Let us look at these three calls in more detail.

The bind() call takes three params: (a) the file descriptor of the socket that we need to bind, (b) a pointer to an address structure that holds the local port and local IP address, and (c) the length of the address buffer pointed by the address pointer. Upon success, the bind() call returns 0, else it returns -1.

Some thoughts on port numbers. Each host can have as many as 65,536 ports for each protocol and for each address family; typically, port numbers in the range of 0 to 1024 are standard ports and are reserved for various applications. Ports outside this range are usually available for general use. For a detailed list of well-known ports, please visit Internet Assignment Numbers Authority (IANA) website.

Binding establishes the server socket uniquely in the entire Internet. Any remote socket client can send connection request to this server using a combination of port, machine's IP address, and the protocol. The only requirement is that the combination of these three variables should be unique in the Internet. If we were to use the analogy of regular postage mail, then the bind() call would mean assigning (or using) a unique mailing address to a house. It is this uniqueness that allows the post office to deliver all the mails destined to this house correctly.
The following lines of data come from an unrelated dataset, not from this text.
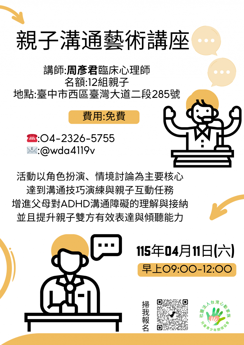 (一)04/11(六)【親子溝通藝術講座】講師:周彥君 臨床心理師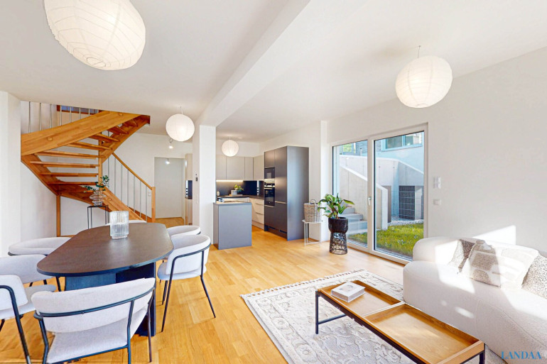 Großzügige Fensterflächen, helle Räume und private Gärten schaffen ein offenes Wohngefühl mit Blick ins Grüne. Die Architektur ist klar und modern, gleichzeitig warm und alltagstauglich – gemacht für Menschen, die Ruhe suchen, aber nicht abgeschieden leben möchten.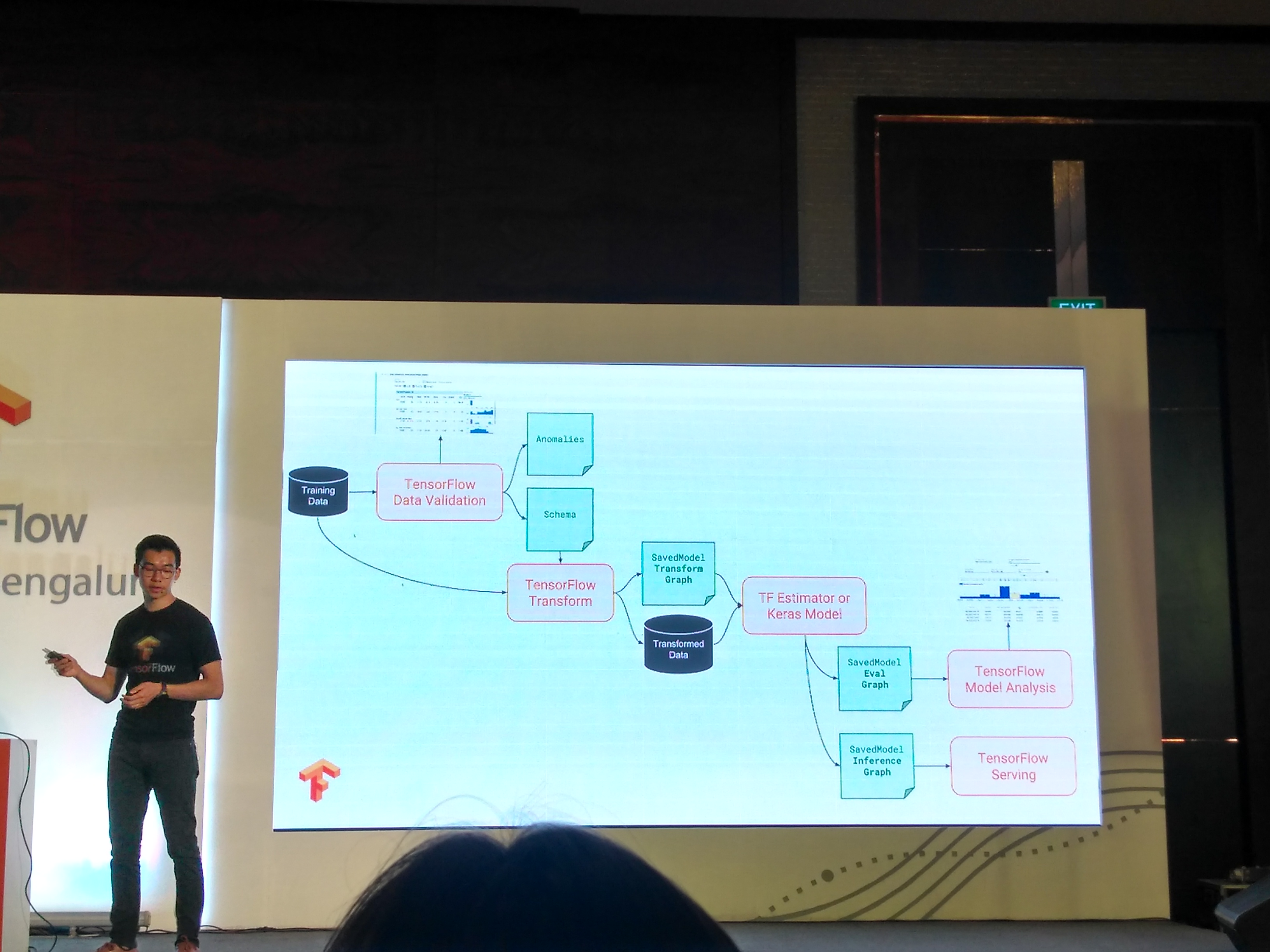 When building Machine Learning models, there are many things to consider and worry about than just the code. Collecting the data, making it ready for model training is a time taking process. Since the model performance and accuracy is highly dependant on the data used for training, it makes data validation and transformation highly critical. While on a high-level, a Machine Learning model takes data and learns from it to output a trained model that can be used for inference, taking this for production involves a lot of constraints and requirements. Instead of focusing only on building and deploying models, TensorFlow is growing its support for other parts of Machine Learning pipeline and TensorFlow Extended (TFX) does exactly that. Kenny Song explained through a series of slides what TFX is and what it does. TFX is an end to end ML platform that provides libraries to validate and analyze data at different stages of the training and serving, analyse the training model over different slices of data etc. He also talked about TF Hub which is a repository for reusable Machine Learning modules. Modules contain the TF graph along with its learned weights trained for some specific task. These modules can be used as is for the same task or can be reused with some modifications to solve similar other tasks.

The next call, listen() takes two parameters: (a) the file descriptor of the socket that needs to become a listener socket and (b) the maximum number of backlog of pending connections. This call allows a socket to wait for newer connections from remote client machines. Once a socket is in listen mode and it receives a request for a connection, then it completes TCP's 3-way handshake and enqueues the new connection in a queue that is reserved for pending connections. For our postal analogy, the listen() call means that the owner of the house puts a mailbox so that the postman can deliver incoming mails. Upon success, the listen() call returns 0, else it returns -1.

The backlog limit is a good strategy to avoid Denial-Of-Service attacks. Without this limit, a malicious client can continuously (and at a fast rate) send connection requests. Since each connection requires both memory and CPU processing, this attack can seriously deplete memory and CPU resources at the server.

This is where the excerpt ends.